- Theatrical release poster

Japanese name
- Japanese: パリに咲くエトワール
- Revised Hepburn: Pari ni Saku Etowāru
- Directed by: Gorō Taniguchi
- Screenplay by: Reiko Yoshida
- Story by: Gorō Taniguchi
- Starring: Ami Touma; Lina Arashi; Taichi Saotome; Mugi Kadowaki; Onoe Matsuya II [ja]; Akihiro Kakuta; Kenjiro Tsuda; Yoshiko Sakakibara; Akio Otsuka;
- Cinematography: Tsunetaka Ema
- Edited by: Kiyoshi Hirose
- Music by: Takayuki Hattori
- Production company: Arvo Animation
- Distributed by: Shochiku
- Release date: March 13, 2026;
- Running time: 119 minutes
- Country: Japan
- Language: Japanese

= Paris ni Saku Étoile =

2026 Japanese animated film directed by Goro Taniguchi

 also known as L'étoile de Paris en fleur, or Samurai Ballerina, is a Japanese original anime film directed by Gorō Taniguchi and produced by Arvo Animation. It is written by Reiko Yoshida, features character designs by Yū Yamashita based on Katsuya Kondō's original designs, and music by Takayuki Hattori. It premiered in Japan on March 13, 2026, distributed by Shochiku. The film's theme song is "Kaze ni Noru" (風に乗る) performed by Ryokuoushoku Shakai.

==Plot==
The film is set in Paris during the early 1910s and follows two Japanese girls, Fujiko Tsugita and Chizuru. Fujiko aims to be a painter, while Chizuru is an aspiring ballerina. After meeting in Yokohama, the two meet again in Paris.

==Characters==
- Fujiko Tsuguta (継田 フジコ, Tsuguta Fujiko)

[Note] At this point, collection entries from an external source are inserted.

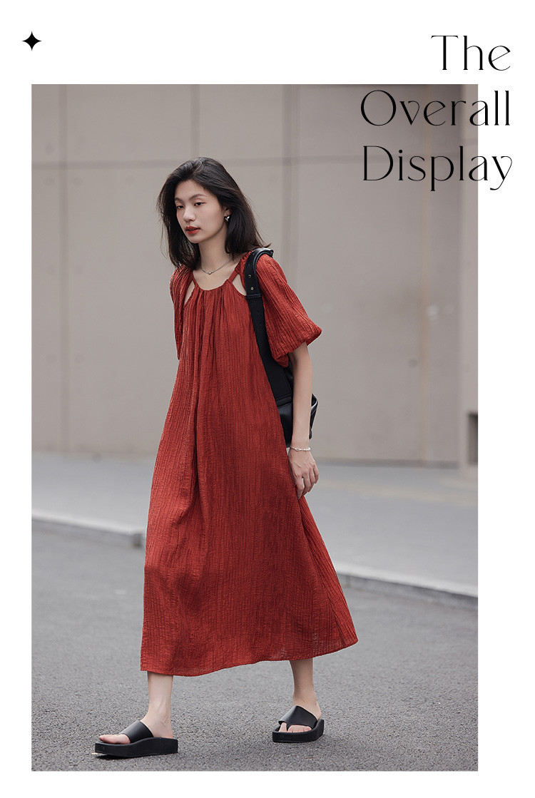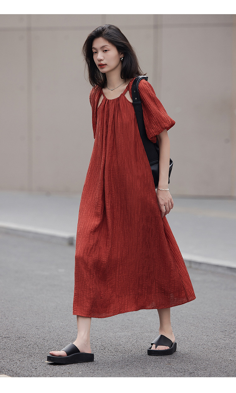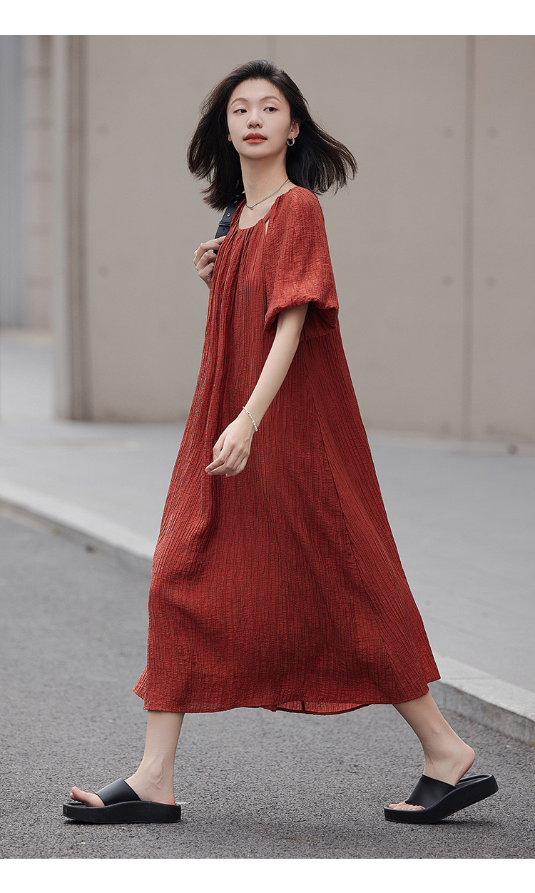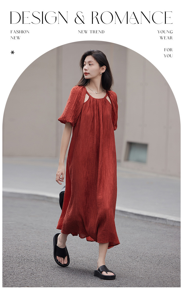 商品名称:【肌理感连衣裙】夏款圆领镂空设计泡泡袖宽松长款连衣裙女 650050
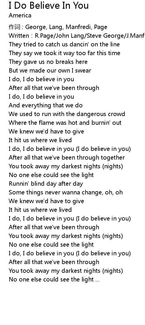 | I do, I do believe in you (I do believe in you) | |
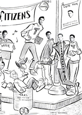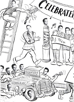 If you look closely, you will also find Fariña in this two-page cartoon spread from the yearbook:
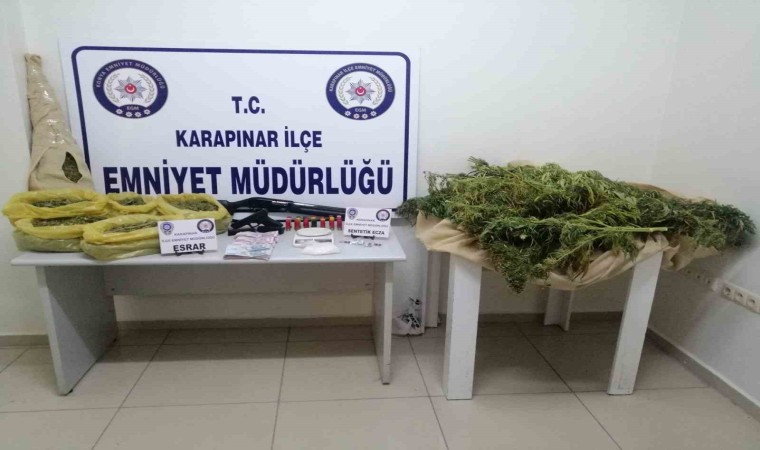 Konya’nın Karapınar ilçesinde polisin düzenlediği operasyonda, uyuşturucu madde ve silah ele geçirildi.
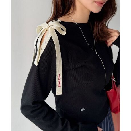 mily bilet刺繍入りの肩リボンが目を惹く大人可愛いカットソー!
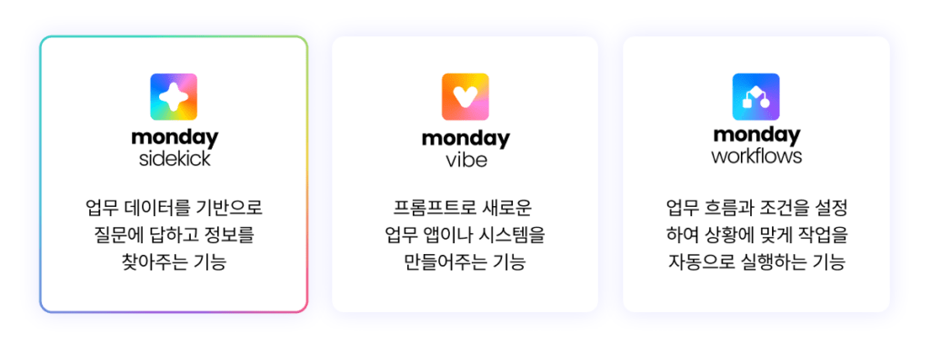 monday Sidekick, monday vibe, AI Workflows와 같이 다양한 AI 기능들이 개별 도구에 머무르지 않고, 하나의 통합된 업무 환경을 만들어가는 방향으로 설계되고 있습니다.
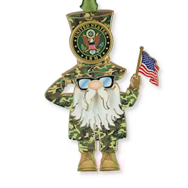 Honor the soldier in your life with this ornament that was beautifully handcrafted in the USA from solid brass, 24kt Gold finish, with digitally printed color. Packaged in an elegant window showcase.

- Chizuru Sonoi (園井 千鶴, Sonoi Chizuru)

- Ruslan (ルスラン, Rusuran)

- Olga (オルガ, Oruga)

- Chuu Wakabayashi (若林 忠, Wakabayashi Chū)

- Enzo (エンゾ)

- Seiichi Yajima (矢島 正一, Yajima Seiichi)

- Kunie Sonoi (園井 邦枝, Sonoi Kunie)

Chizuru's mother.
- Kenkichi Sonoi (園井 健吉, Sonoi Kenkichi)

Chizuru's father.
- Kouzou Tsuguta (継田 光造, Tsuguta Kouzou)

Fujiko's brother.
- Tomiko Tsuguta (継田 トミ子, Tsuguta Tomiko)

Fujiko's mother.
- Kingo Tsuguta (継田 金吾, Tsuguta Kingo)

Fujiko's father.
- Jeanne (ジャンヌ, Jan'nu)

- Maddie (マディ, Madi)

- Thomas (トマ, Toma)

==Production==
The film was produced as an independent film during the COVID-19 pandemic in Japan. Taniguchi chose Toma to play Fujiko because he wanted a character with a pure and charming voice. The film had been in production since at least 2018, when Kondō was approached by Karki Rajeev, Arvo Animation's representative director, to produce character designs for a film the studio was working on. Kondō initially declined the offer, only to accept after Rajeev insisted on at least doing some art.

==Manga adaptation==
A manga adaptation, illustrated by French artist Zelihan, began serialization in Kodansha's seinen manga magazine Monthly Afternoon on November 25, 2025. The first tankōbon volume collecting its chapters was released on March 23, 2026.

===Volumes===

| No. | Release date | ISBN |
| 1 | March 23, 2026 | 978-4-06-542797-2 |
| "La représentation de ballet" (La représentation de ballet ~ バレーの公演); "Recontre à Paris" (Recontre à Paris ~ パリでの出会い); | "Le cours de Naginata" (Le cours de Naginata ~ 薙刀教室); "La ballerine Russe" (La ballerine Russe ~ ロシアのバレリーナ); |
| 2 | September 18, 2026 | 978-4-06-544793-2 |
| "La danse de Chizuru" (La danse de Chizuru ~ 千鶴の踊り); "Le déménagement" (Le déménagement ~ 引っ越し); "La visite inattendue" (La visite inattendue ~ 予期せぬ訪問); | "Le départ" (Le départ ~ 出発); "Temps d'Orage" (Temps d'Orage ~ 嵐の予感); |

==Accolades==
This film won the Mr. M Audience Award for Best Feature Film at the 2026 Animafest Zagreb.